To a woman, the eleven spouses featured in I Married the War understand that their husbands had enlisted with best intentions. Many men had come from a long line of combat veterans; some never questioned that they’d go to war. But when their time overseas ended, the warriors came home to find that their battles had not come to a close.

Francine Jones, spouse of another Khe Sanh survivor, says, “If someone had told me when I was twenty-one that ‘you’re marrying a man who’s going off to war, and you’re going to live with this for the rest of your life,’ I wouldn’t have believed them.”

Precious Goodson’s husband was wounded while serving in Afghanistan. Not all his injuries were visible or even known to her. While caring for him, as his suffering continued, she wondered, “What is going on? I was scared, horrified, angry.” In the film, her voice breaks with the strain. “It was just bad.”

Former U.S. Army parachute rigger Laura Nickel and her veteran husband were stuck “in an emotional concentration camp” after their service. When she married, she had not considered that she would be setting her own priorities aside to become his long-term caregiver, but that’s the reality that she faced.

Betty says, “Fortunately there are many services out there to help the veterans. Though Korean War and Vietnam War veterans were neglected, not all veterans have been. They’re certainly not neglected now. The group that has been neglected is the spouses.”

The women of I Married the War speak first hand to persevering. Their stories of personal courage are no less moving than those we’ve seen in other military films: Denton Adkinson’s 2012 In Their Own Words: The Tuskegee Airmen, or Ken Burns’ 2017 The Vietnam War, or the Rodgers’ first award-winning documentary, the 2014 BRAVO! Common Men, Uncommon Valor.

(Link: Watch BRAVO! Common Men, Uncommon Valor.)

When the filmmakers first toured BRAVO! Betty says, “People in small towns all around the country came forward to say it was their story, too. They’d been suffering the aftereffects of war, often without help from others.”

Speaking up after long years of isolation isn’t easy, and some spouses of veterans declined to be interviewed. Betty and Ken did their best to put their subjects at ease, traveling around the country to speak to them in their own homes.

“The veterans themselves were not present during the interviews,” Betty says. “We wanted the spouses to feel as free to speak as possible.”

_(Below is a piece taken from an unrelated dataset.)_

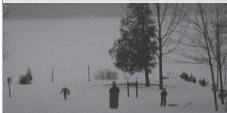
Duck Lake Boat Launch. A picture from the early days!

As noted in the Upcoming Events Calendar, our Spring General Meeting will be Saturday, May 22, at 5:00 pm. You are invited to stay after the meeting and enjoy a bonfire at the new fire pit. We look forward to seeing you at this important meeting.

And how did the combat veterans react? Betty remembers one of the husbands who spoke up about it. “He said, ‘It’s time the women had a voice. They’re survivors, too.’”

For his part, Ken is certain he would not have made it to this day without Betty’s commitment. “She saved my life,” he says. “My life.”


READ MORE OF MY WORK

My best-selling Reading Water: Lessons from the River and award-winning Junction, Utah, have been recently re-released. Find them and my latest, Swimming Grand Canyon and Other Poems (Finishing Line Press, 2021), at Bookshop.org and many other fine bookstores.

2 Comments

  1. Becca, thank you for this sensitive, perceptive, and beautifully written blog about this important and timely topic. We know your words will help reach and inform a caring audience, and will bring healing to many.

    • Betty, I replied to you by email but never here! I appreciate your comment, and I’m thrilled to share your work everywhere I go. Thank you for your work and commitment!